No President who would allow his signature legislation become so butchered, neutered and pointless could ever be called great. Look at what FDR and LBJ had to put up with to get the New Deal, Second New Deal, Great Society and Civil Rights passed. He also failed to accomplish, or outright lied about, a lot of what he promised–like closing Guantanamo Bay for starters. Chris Hedges goes into how much more brutal Obama’s droning and anti-terrorism policies have been even than Bush II in his lectures. He expanded the Bush wars and signed NDAA. Obama was a terrible electoral/party leader who allowed the Democrats to lose a historic number of Congressional and local elections during his tenure. There is no comparison to his dismal party leadership and that of FDR who realigned the national electorate and set the stage for 40 years of left-wing dominance.
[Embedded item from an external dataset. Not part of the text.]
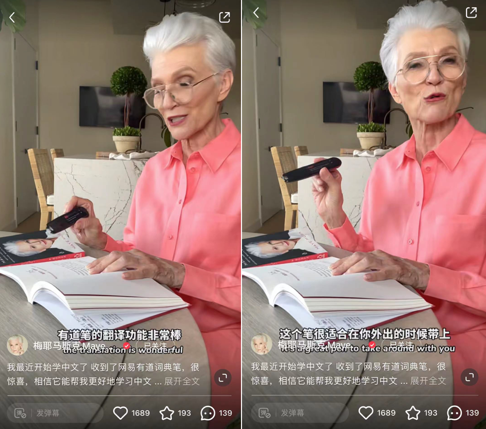 近日,埃隆·马斯克的母亲——梅耶·马斯克使用有道词典笔学习中文的小红书视频,一经发布便引发大量关注,这是这位73岁的“网红”妈妈首次在社交平台使用并推荐中国黑科技产品。
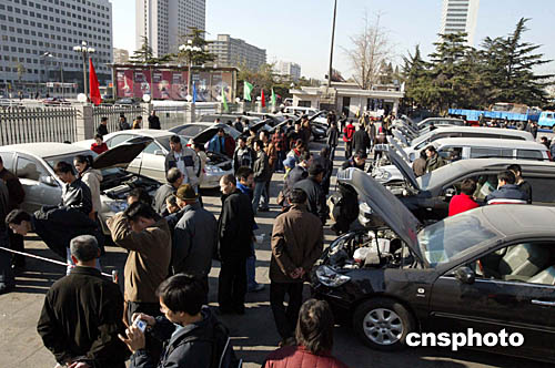 十一月二十七日,許多市民來(lái)到北京軍事博物館觀看并了解有關(guān)走私車拍賣的情況。

But because Obama’s a Democrat and a young, attractive black guy who speaks well, nobody on the left cares about all of that.
I know the Republicans have fought Obama tooth and nail with unprecedented obstructionism, but he’s not the first to deal with a non-cooperation from the other party and, face it, he handled it less effectively than I’d expect from a “great president” supposedly on the same level as FDR. He could have used the bully pulpit to hammer home how ridiculous the Republicans were as opposed to playing nice all the time. He could have stacked the Supreme Court. He could have issued executive orders to resolve certain issues, like end prosecution for marijuana. He could have found a better DNC chairman and party apparatus to flip as many seats blue at all levels as possible. At the end of the day, Obama was a first term Senator—he wasn’t ready for the big leagues of Presidential politics and spearheading an entire legislative agenda. Pure and simple. Obama probably could have been a lot better as President down the road had he waited until he was older and got some more experience under his belt first. My assessment? Obama was an average Executive, who had the good fortune to be sandwiched between two men far worse than himself. The insanely polarized opinion about him is further proof of how hyper-partisan and echo-chambered the parties and their respective voters have become. There’s no room for nuance or neutrality in twenty-first century America.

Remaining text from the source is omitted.